Slipping Accidents At Work
Slipping in their duty – the employer’s responsibility to keep workers safe
2010 seems to be the year that the Health and Safety Executive (HSE) plan to clamp down hard on preventable accidents in the workplace. Through issuing a series of press releases, the agency hopes to draw attention onto the most common causes of work related accidents and injuries – slips, trips and falls from height.
A Stark Reminder
Just taking London as an example shows just how much of a problem the situation really is. In 2008-9, 14,576 people were killed or injured in their workplace, resulting in a loss of 1.7million working days and a series of compensation claims and prosecutions against companies that failed in their duty of care. The impact, not just on individuals and their families but on the economy too, is enormous. And nearly all of these accidents were entirely preventable.
The HSE believes that every employee has the right to work in a safe environment. Although our HSE laws may sometimes seem a little draconian, they are there for a reason – to keep people safe at work.

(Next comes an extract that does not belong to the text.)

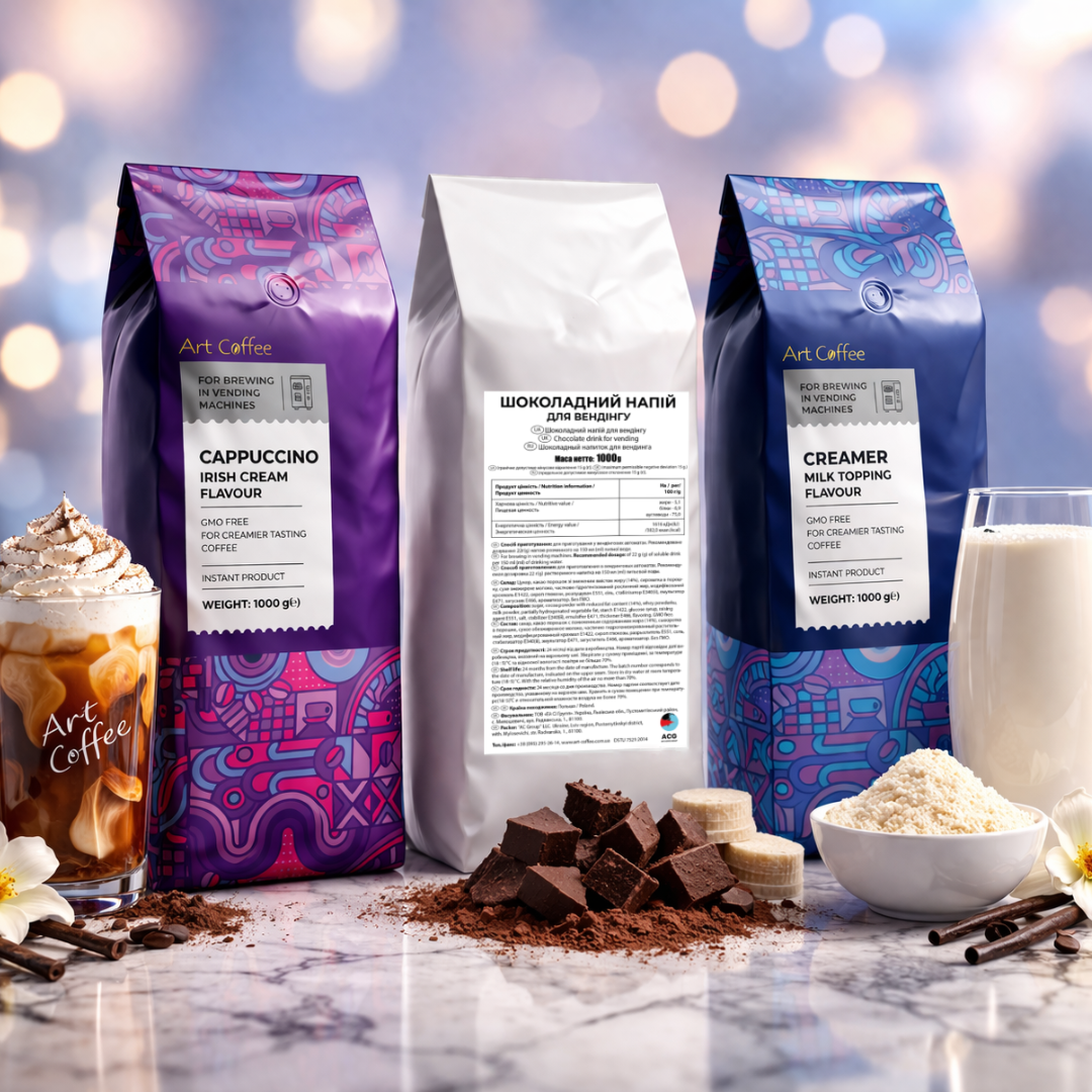 Сухі суміші для вендінгу Art Coffee - капучино, молоко та шоколад

Something as simple as a wet floor with no warning signs can cause a serious injury as the result of a slip or fall, and responsibility ultimately lies with the employer or business owner to prevent this type of common accident.
The construction industry still leads the field in work-related deaths and serious injury, mainly from falls from height. Although recognised as a dangerous environment, employers still have a responsibility to ensure that their worker’s safety is a priority. ‘Cutting corners’ to save a few pounds can easily lead to tragic consequences, particularly when time is of the essence and deadlines have to be met. Even then, there is no place for complacency, particularly when a situation that could be safe is made more hazardous through overlooking basic HSE legislation. It is this ’slapdash’ approach that the HSE will be focusing on during 2010, and companies have been warned.
Worker’s rights
Any injury or illness at work that can be directly attributed to employer negligence is justification for a compensation claim. Not only does this compensate the worker or their family for injuries and loss of earnings, but it also serves as a useful reminder to the organisation that they have failed in their basic duty of care obligation and allowed a situation to arise that was entirely preventable.
By bringing a claim against an employer, the injured party may be helping to prevent anyone else having to suffer the same injuries (or even worse) by putting the spotlight firmly on an avoidable hazard. It is often the only way that some employers can be reminded of their responsibilities and hits them where it hurts most – in their pocket.
As the country struggles to climb out of recession and jobs are precious, many will be worried that bringing a claim against an employer could mean the end of their job. This is not the case. Any employer who discriminates against an employee bringing a righteous claim can be brought to account a second time at an Industrial tribunal – not a situation that any employer wants. So the message in 2010 is – don’t be afraid to remind an employer of their responsibilities. Health and safety is everyone’s concern; employers, workers and the governing agencies. Through co-operation and compliance, 2010 could be the year when the horrific statistics of deaths and injuries at work start to drop dramatically.